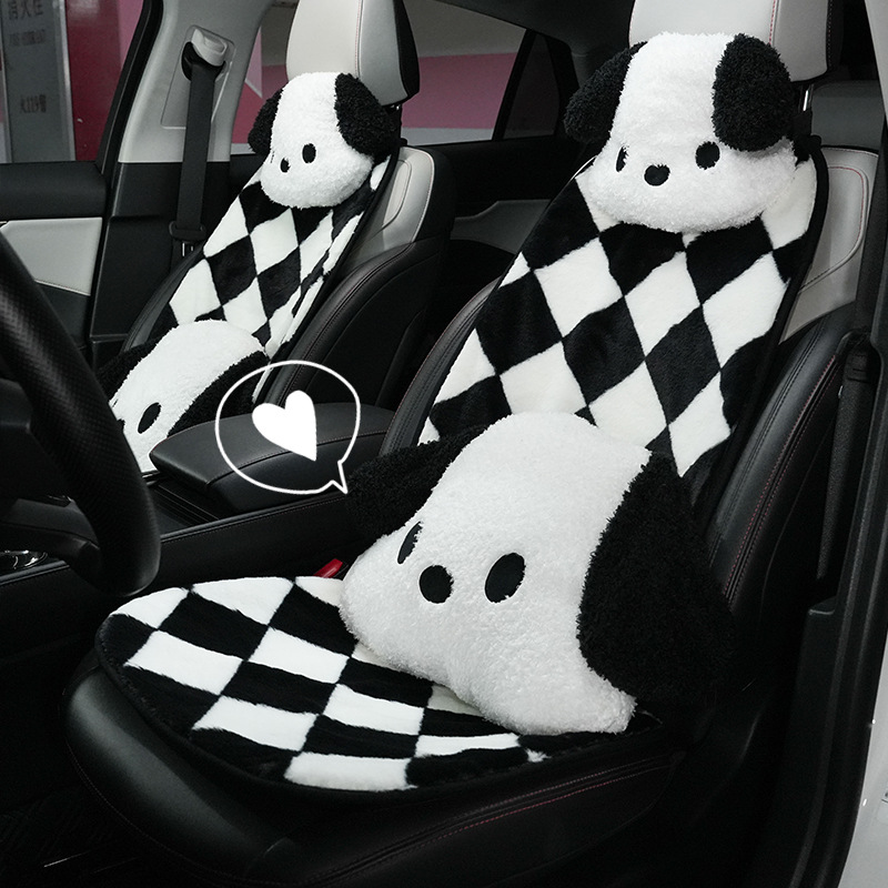 Bantal kursi mobil bulu kelinci imitasi papan catur grid mobil musim dingin bantal Tempat duduk hangat Internet selebriti mobil bantal kursi Universal empat musim
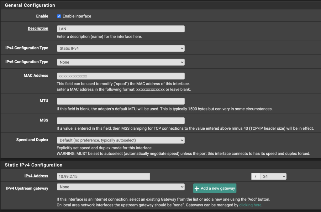 Likewise, check your existing LAN interface, if it exists, or create one as follows below. The LAN interface corresponds to the 10.99.2.0/24 subnet, where devices tagged with the VLAN 500 will go and retrieve their DHCP lease on Unifi. Again, I set my LAN interface IP to 10.99.2.15 because it seemed easy to remember for me. Make sure the IPv4 Upstream gateway is set to “None.” DO NOT block bogon networks on the LAN interface.
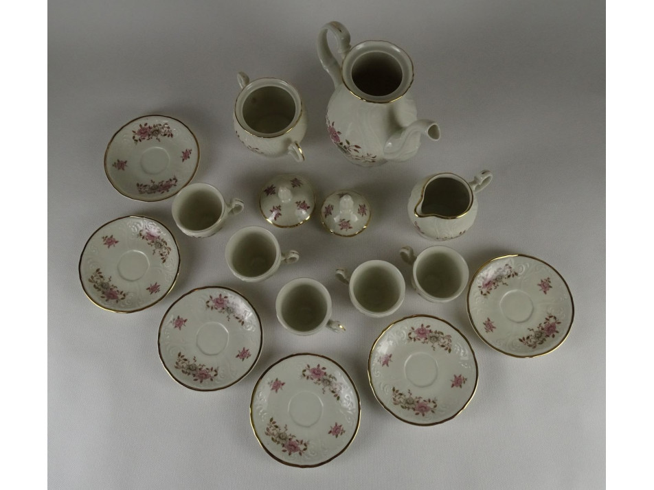 Szép állapotú, aranyozott, jelzett porcelán kávéskészlet aranyozással és virágmotívumokkal díszítve.
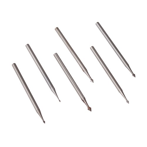 6本セットの傘型ドリルビットは、タングステン製の超硬バーで、リューターやDIYに最適。軸径2.35mmで、1.0mmから2.3mmまでの6サイズが揃い、面取りや研磨作業に便利です。
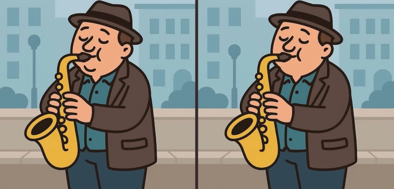 Ste pripravljeni na naslednji izziv? Natančno si oglejte dve sliki moškega, ki igra saksofon. Na prvi pogled sta videti enaki, vendar obstajajo tri majhne razlike. Misliš, da jih lahko vse najdeš v 31 sekundah? Poskusite in preverite svojo ostrino vida!
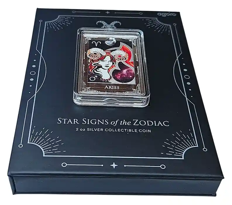 Start » Silbermünzen » Niue 2 Oz Silber Widder – Sternzeichen 2025 Polierte Platte im Etui Neu Im Sortiment
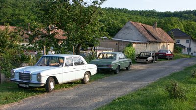 Látszik, hogy mostanában készült a fotó Kareszék udvarán, mert már végig állnak a kerítés mentén az autók
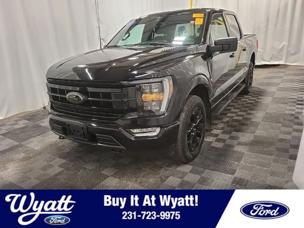 4WD, 10-Way Power Driver & Passenger Seats, 3.31 Axle Ratio, 4-Wheel Disc Brakes, 6 Speakers, 8" Productivity Screen in Instrument Cluster, ABS brakes, Accent-Color Step Bars, Air Conditioning, Alloy wheels, AM/FM radio, Auto High-beam Headlights, Auto-Dimming Rear-View Mirror, Black 2-Bar Style Grille w/Black Surround/Accents, Black 6" Angular Step Bars, Black Exterior Badging, Body-Color Door & Tailgate Handles, Body-Color Front & Rear Bumpers, Box Side Decals, Brake assist, Class IV Trailer Hitch Receiver, Compass, Dark Interior Appliques, Delay-off headlights, Driver door bin, Driver vanity mirror, Dual front impact airbags, Dual front side impact airbags, Dual Zone Electronic Automatic Temperature Control, Electronic Stability Control, Emergency communication system: SYNC 4 911 Assist, Equipment Group 302A High, Exterior Parking Camera Rear, Front anti-roll bar, Front Center Armrest w/Storage, Front fog lights, Front reading lights, Front wheel independent suspension, Fully automatic headlights, Heated door mirrors, Heated Front Seats, Illuminated entry, Integrated Trailer Brake Controller, Intelligent Access w/Push Button Start, Leather-Trimmed 40/Console/40 Front Seat, LED Reflector Headlamps, LED Sideview Mirror Spotlights, Low tire pressure warning, Matte Black Tailgate F-150 Decal, Occupant sensing airbag, Onboard 400W Outlet, Outside temperature display, Overhead airbag, Overhead console, Panic alarm, Passenger door bin, Passenger vanity mirror, Power door mirrors, Power Glass Heated Sideview Mirrors, Power steering, Power windows, Pro Trailer Backup Assist & Pro Trailer Hitch Assist, Radio data system, Radio: AM/FM SiriusXM w/360L, Radio: AM/FM Stereo w/6 Speakers, Rear reading lights, Rear step bumper, Rear Under-Seat Storage, Rear window defroster, Remote keyless entry, Remote Start System w/Remote Tailgate Release, SecuriCode Drivers Side Keyless-Entry Keypad, Security system, Speed control, Split folding rear seat, Steering wheel mounted audio controls, SYNC 4, SYNC 4 w/Enhanced Voice Recognition, Tachometer, Tilt steering wheel, Traction control, Trailer Tow Package, Trip computer, Unique Hood & Grille w/Black Accent, Variably intermittent wipers, Voltmeter, Wheels: 20" Gloss Black Painted Aluminum, Wrapped Steering Wheel, XLT Black Appearance Package, XLT Sport Appearance Package, Zone Lighting.
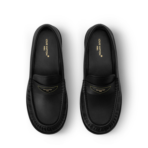 The LV Jazz loafer is crafted from supple calf leather. This elegant model nods to classic jazz shoes with its unique construction combining flexibility at the front and structured support at the back. The strap on the vamp is complemented by a leather detail embossed with the Louis Vuitton signature and highlighted by contrast stitching.
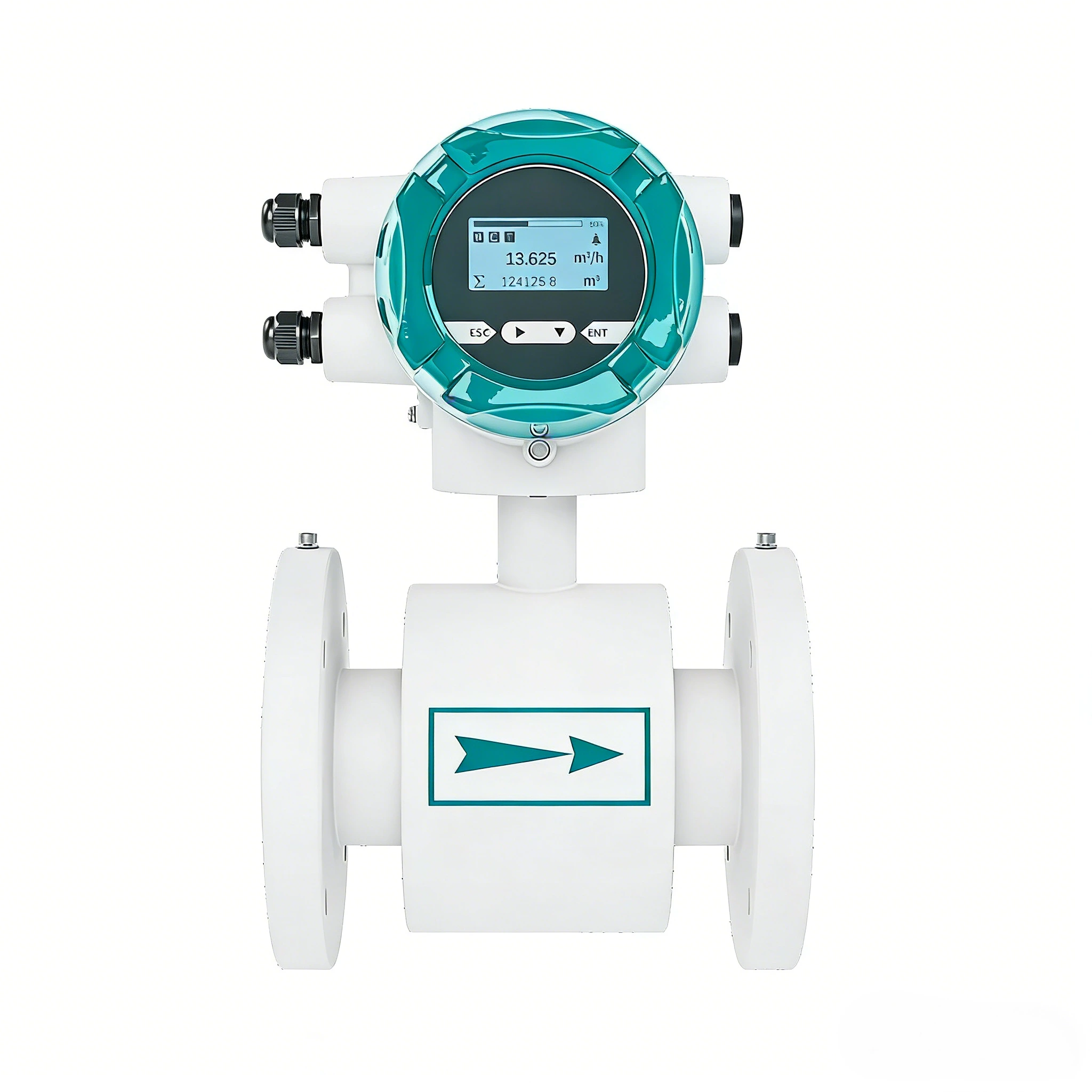 The electromagnetic flowmeter is designed based on the Faraday electromagnetic induction principle and is used to directly measure the flow rate of conductive liquids in closed pipelines.
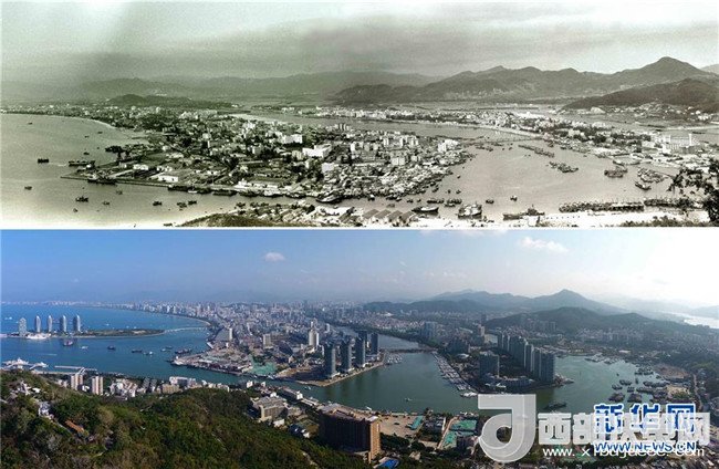 拼版照片為在三亞市鹿回頭景區(qū)鳥瞰三亞市景今昔對比(上圖為1991年2月新華社記者姜恩宇攝,下圖為2018年4月4日新華社記者郭程攝)。
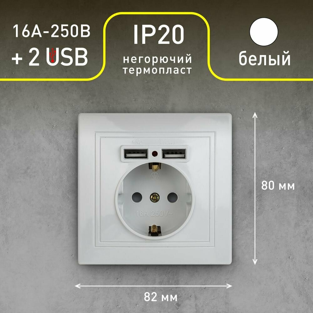 Розетка Intro Plano 1-410-01 с заземлением 2P+E Schuko со шторками, 16А-250В + 2хUSB 5В-2,1А, IP20, СУ, белый арт. Б0053942 (1 шт.) информация:
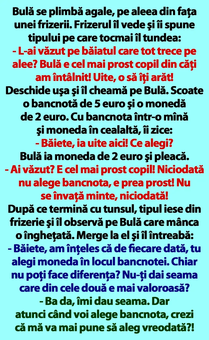 – Băiete, am înţeles că de fiecare dată, tu alegi moneda în locul bancnotei. Chiar nu poţi face diferenţa? Nu-ţi dai seama care din cele două e mai valoroasă?
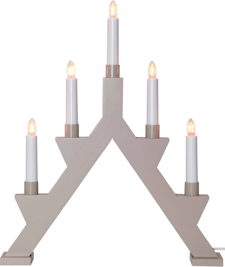 En smuk 5-armet Julelysestage i grå med 5 hvide kertelys i varm hvid. Leveres med tilslutningsledning med afbryder på.
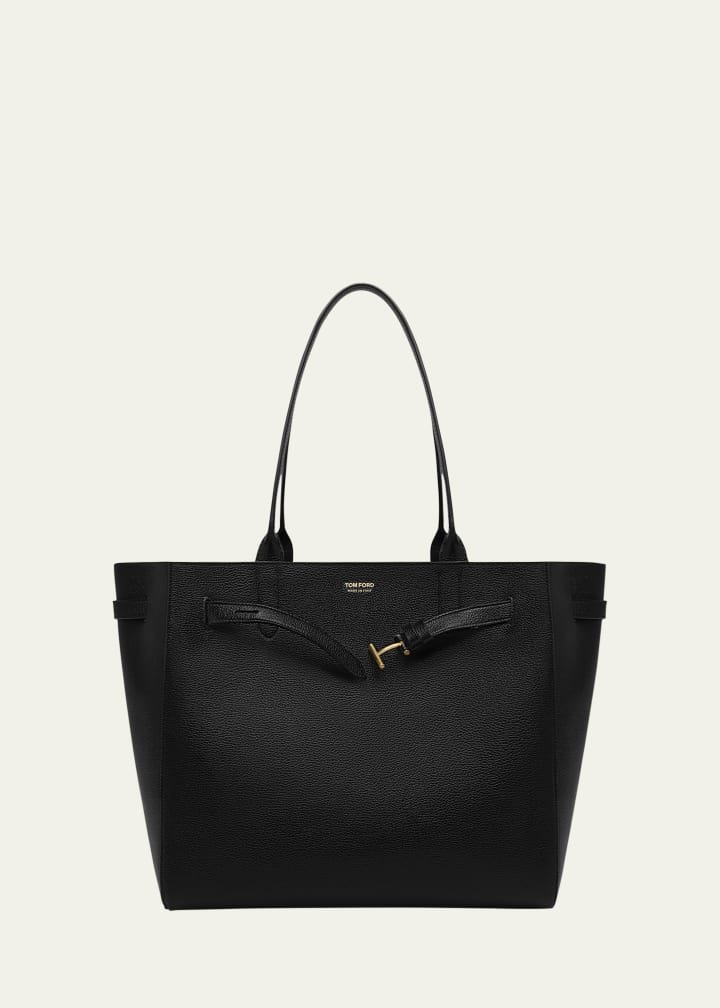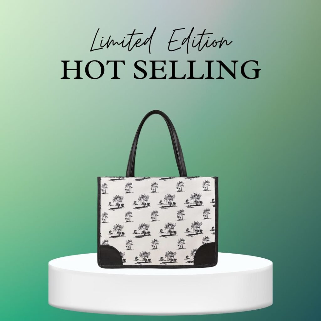 Elegant black leather tote bag with a spacious design and subtle gold accent, ideal for office and everyday use.
****
TASK GOAL |
Your copy should hold only the lines from the line with "The electromagnetic flowmeter" through the end of the data above, both ends included, transcribed exactly and without pictures.

ANSWER |
 The electromagnetic flowmeter is designed based on the Faraday electromagnetic induction principle and is used to directly measure the flow rate of conductive liquids in closed pipelines.
 拼版照片為在三亞市鹿回頭景區(qū)鳥瞰三亞市景今昔對比(上圖為1991年2月新華社記者姜恩宇攝,下圖為2018年4月4日新華社記者郭程攝)。
 Розетка Intro Plano 1-410-01 с заземлением 2P+E Schuko со шторками, 16А-250В + 2хUSB 5В-2,1А, IP20, СУ, белый арт. Б0053942 (1 шт.) информация:
 – Băiete, am înţeles că de fiecare dată, tu alegi moneda în locul bancnotei. Chiar nu poţi face diferenţa? Nu-ţi dai seama care din cele două e mai valoroasă?
 En smuk 5-armet Julelysestage i grå med 5 hvide kertelys i varm hvid. Leveres med tilslutningsledning med afbryder på.
 Elegant black leather tote bag with a spacious design and subtle gold accent, ideal for office and everyday use.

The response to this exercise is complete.